The wild water canoe and kayak facility was hailed as the world's best, as
were the rowing centre and the weightlifting arena.
But two years after the Games that cost a record 12 billion euros, most
venues remain fully or partly shut as the government desperately seeks private
investors, the only viable option to recoup some of the funds pumped in to build
and maintain them.
"We cannot keep them as Soviet-style sports venues alone. What would Greece
do with the world's best canoe and kayak facility?" said Christos
Hadjiemmanouil, the head of the company managing most Olympic venues.
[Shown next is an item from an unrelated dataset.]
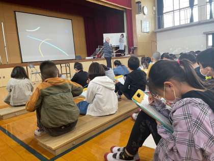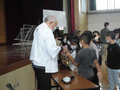 今回は,唐橋地区自治会長さんがゲストティーチャーに来てくださいました。唐橋のまちにとって西寺公園がどんなところなのか,会長さんの子どもの頃の公園の様子や西寺公園と松尾祭りの様子などを交えながらお話して頂きました。

Critics says that after wasting three years in preparations, organisers
rushed to complete the projects ahead of the Olympics and spent no time planning
their post-Games use.
FEDERATIONS ANGRY
As a result most venues will now go into private hands to start a cash-flow
back to the state, angering sports federations who will never use them again and
ordinary Greeks who say their tax money has been wasted.
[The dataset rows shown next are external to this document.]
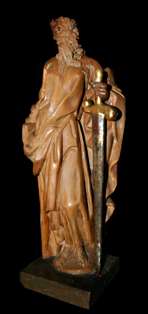 Escultura realizada en madera de pino, sin peana, que ha perdido la mayor parte de su policromía. San Pablo es representado en pie, sujetando con la mano izquierda la espalda del martirio que conserva su policromía dorada y roja. Es compañera de la escultura de San Pedro anterior. / Extraído de: A.A.V.V.: Instituto Gómez-Moreno (catálogo). Granada, 1992, p. 181-182
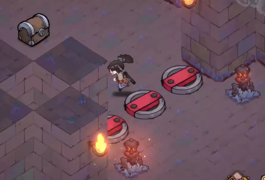游戏初始场景为新手引导区,主要道路呈线性布局。沿着左侧小径持续前进,抵达巨型岩体地标后,需切换至细致搜索模式:围绕岩石基座缓慢移动视角,在其西北侧岩缝与藤蔓交织处存在视觉盲区,此处即为首个可交互宝箱埋藏点。开启后掉落物品完全随机,包含基础矿镐、临时增益卷轴或稀有图纸碎片。
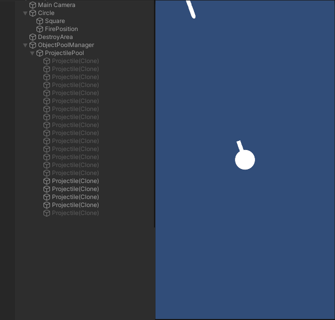 위 실행 화면을 보면 일정 개수만큼 미리 생성한 오브젝트들이 있고 비활성화되어있다가 발사를 하면 활성화되어서 생성된 뒤 이동한다. 그리고 화면 밖으로 나가서 일정 범위밖으로 나가면 다시 비활성화되고 스택에 들어가게 된다.
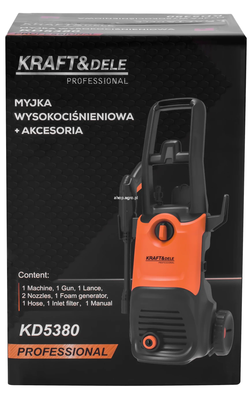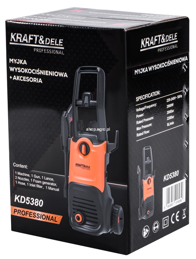 Model KD5380 to profesjonalna myjka wysokociśnieniowa o dużej mocy 2900W, przeznaczona do szybkiego i skutecznego czyszczenia samochodów, tarasów, elewacji i innych powierzchni. Urządzenie łączy wysokie ciśnienie robocze z funkcjonalnością i bezpieczeństwem użytkowania, a przemyślana konstrukcja ułatwia transport i pracę w terenie.

"Why can't federations use the facilities?" a Greek Athletics Federation
official told Reuters. "It is absurd to have high-quality venues and turn them
into cafes and conference centres."
The kayak race course will be turned into a commercial water fun park and the
rowing centre will have limited use due to environmental restrictions.
The shooting centre, several soccer stadiums and the vast multi-sports
Hellenikon site including the softball and baseball diamonds face much bigger
problems of survival and some of them could even be demolished in a few years.